Сформулированный таким образом неписаный редакторский закон можно было бы принять за шутку, если бы он не обернулся ко мне своей драматической стороною.
...В силу "закона Пекелиса" остались неопубликованными полностью "Заметки к Павловскому учению о слове", да и частичные публикации в "Вопросах литературы" и в сборнике "С Востока - свет!" появились благодаря вмешательству Центрального Комитета КПСС.
Особенный урон нанес "закон Пекелиса" моей работе в области научно-художественной литературы.
Я привязался до конца жизни к биографическому жанру главным образом потому, что он не только требует самостоятельного мышления, но и дает возможность высказывать свои мысли, собственный взгляд на вещи. Конечно, разговаривая от лица своего героя, точнее - разговаривая за него, я отказался от своего авторства, но иначе мои мысли, мои взгляды никогда не увидели бы света.

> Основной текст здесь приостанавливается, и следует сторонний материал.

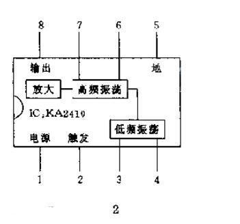 電路的工作過程:IC1的輸出脈沖是高電平時,IC2停止振蕩,電路不信號,當IC1輸出脈沖為低電平時,IC2的第1腳被接地,電路開始振蕩并振蕩信號,IC1輸出脈沖的低電平決定著輸出信號的間斷時間。
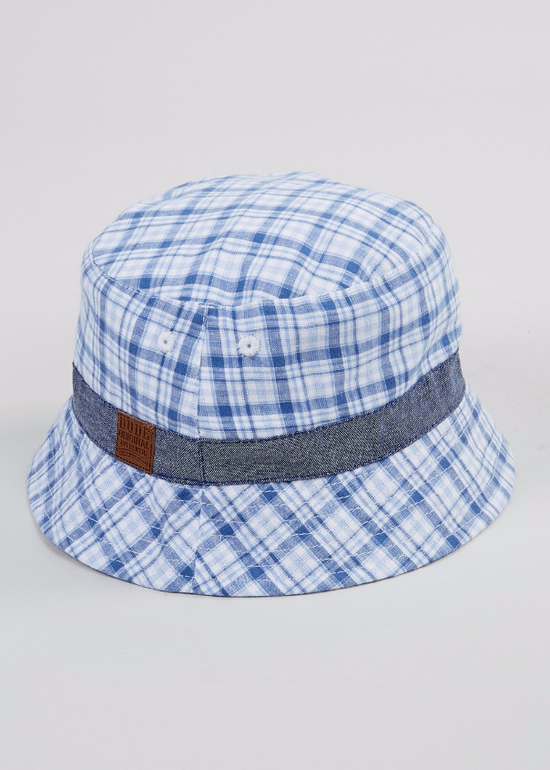 Панамка фирмы Matalan, голубая-белая клетка, джинсовая отделка, эмблема. Состав 100% хлопок.
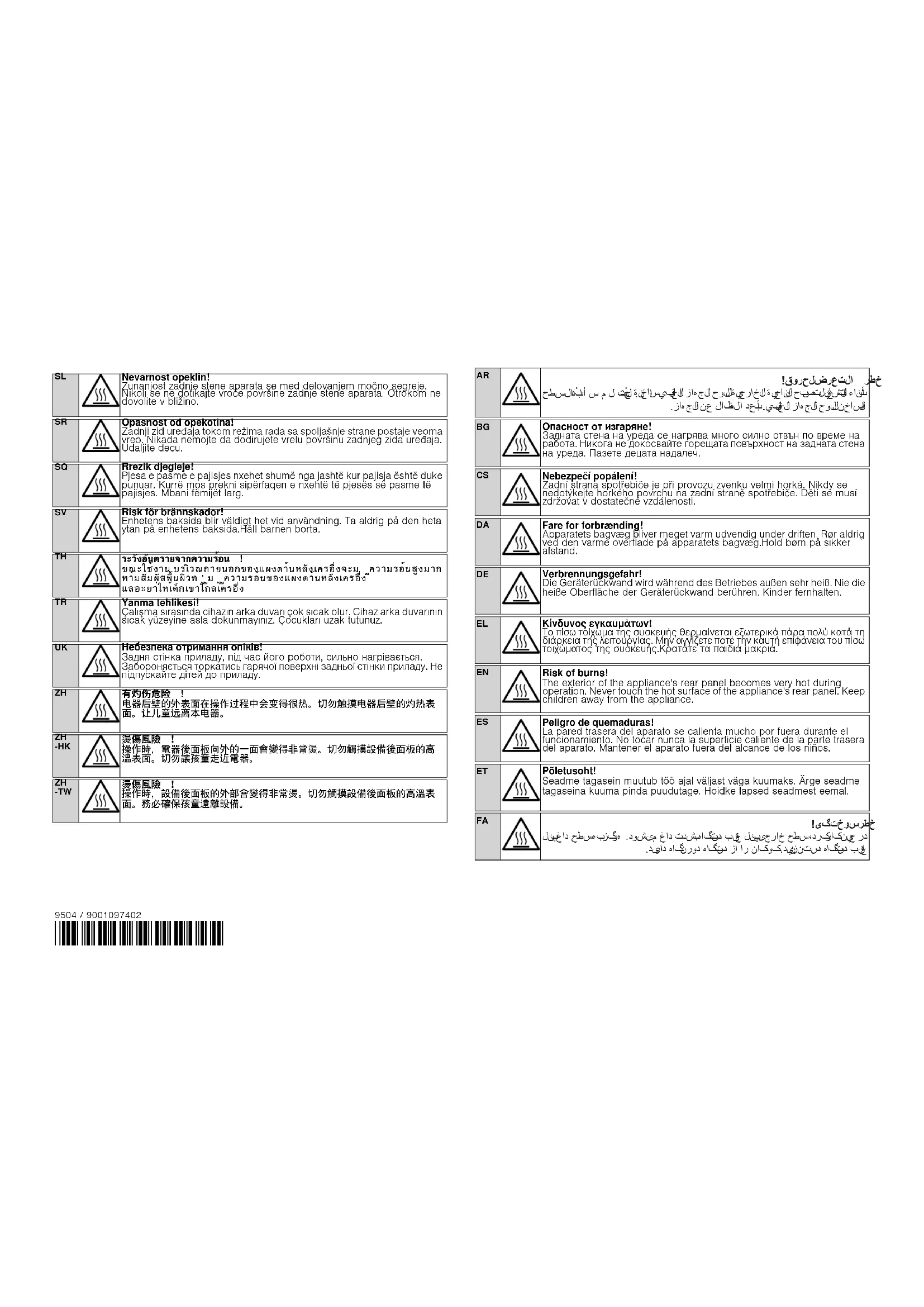 Risque de brûlure! En cours de fonctionnement, le dos de l'appareil à l'extérieur devient très chaud. Ne jamais toucher la surface chaude du dos de l'appareil. Tenir hors de portée des enfants.
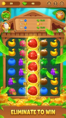 Fresh and delicious fruits in the forest are the goal to obtain. Multiple identical fruits can be eliminated by connecting them. After elimination, you can get generous rewards, and these rewards only require you to lightly click the "spin" button.
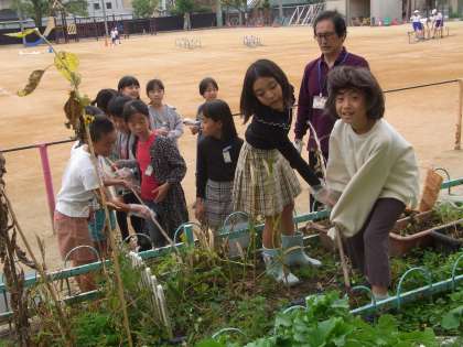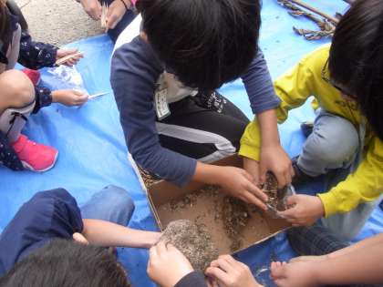 育てていた植物を抜き、種を集めました。大きな植物を、友だちと協力して抜いていました。
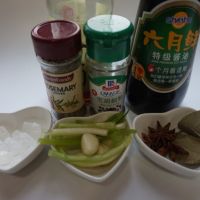 六月鲜酱油,料酒,黑胡椒粉,迷迭香,冰糖,葱蒜,八角,香叶备好。
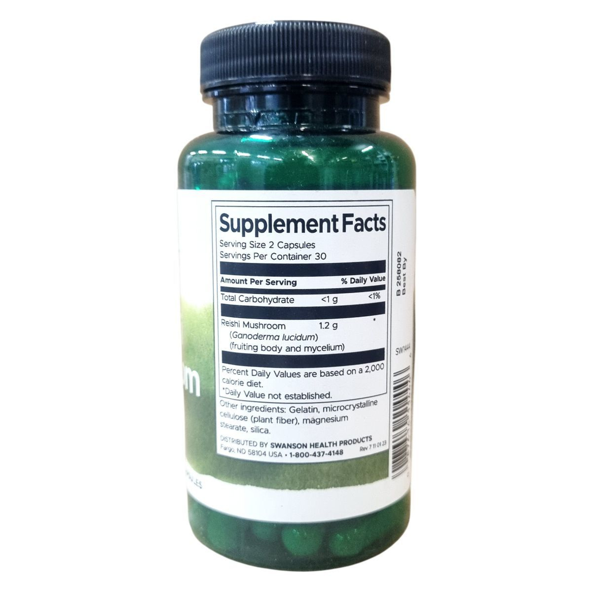 A Swanson Reishi (Ganoderma) gomba kapszula reishit, más néven ganodermát, pecsétviaszgombát tartalmaz.
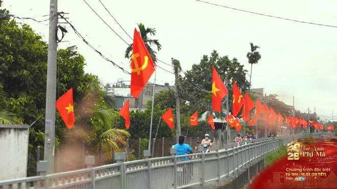 Tại các xã ngoại thành TP. Hồ Chí Minh, không khí Tết đang rộn ràng với sắc cờ đỏ rực và sắc vàng rực rỡ của làng mai Bình Lợi
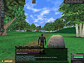ちなみに目の前のNPCは,どうやらTrainerらしい。Murayamaの文章にあるように,この人にスキルを上げてもらえるようだ。ただし,まずはレベルを上げなければどうしようもない。マニュアルを引っかき回して魔法の使い方を覚え,早速チャレンジ! ……同じレルムの人間には使えません,なんてメッセージ(もちろん英語で)が。残念。ちょっとこの村(どこか分からず)を出て,モンスターに魔法を試してみよう。命中。続けて命中。そして死。死体からアイテムを探って,次の獲物に突撃だ〜! 命中,命中,そして死。って,筆者が死んでいるではないか。レベル5までは死んでもペナルティがないらしいので,「/release」でTrainerの前まで戻って,また戦闘。勝ったり,負けたり(つまり死んだり)を繰り返す。モンスターを左クリックでターゲットしたとき,右下のウインドウに表示されたモンスターの名前の色で,相手の強さが分かるというシステムに気づいたのは,10回以上死んでからであった。
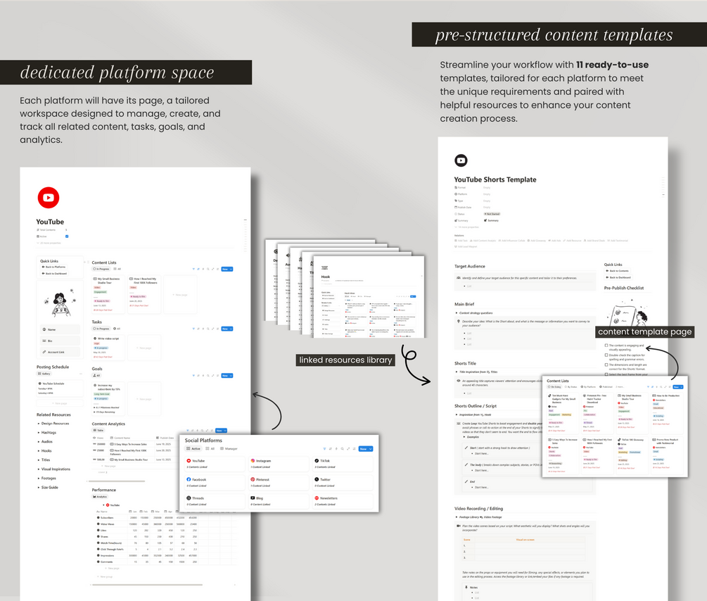 ✔ Platform-Specific Pages – Each social media channel has a dedicated page featuring a dynamic database for posts, schedules, tasks, goals, and analytics.

Возможность думать за своего героя, высказывать свое отношение к нему, раскрывать "те пути, которыми шли великие умы человечества для уяснения истины", я назвал счастливыми трудностями жанра. Они-то и определяли для меня выбор темы, выбор имени.
Уже в первой своей книге "Рудольф Дизель" я обращал внимание читателей на высокое состояние русской техники и передовой ее характер, хотя бы только в области дизелестроения. Позднее эта тема была широко разработана в "Русских инженерах". Но "Дизель" был конфискован и весь тираж уничтожен: непривычное у русских авторов восхваление русской науки и техники было посчитано за "восхваление капитализма". В "Русских инженерах" даже при повторном издании редактор книги В. Д. Пекелис повычеркивал "все сомнительное", не отвечавшее традиционным представлениям об отсталости русской науки и техники...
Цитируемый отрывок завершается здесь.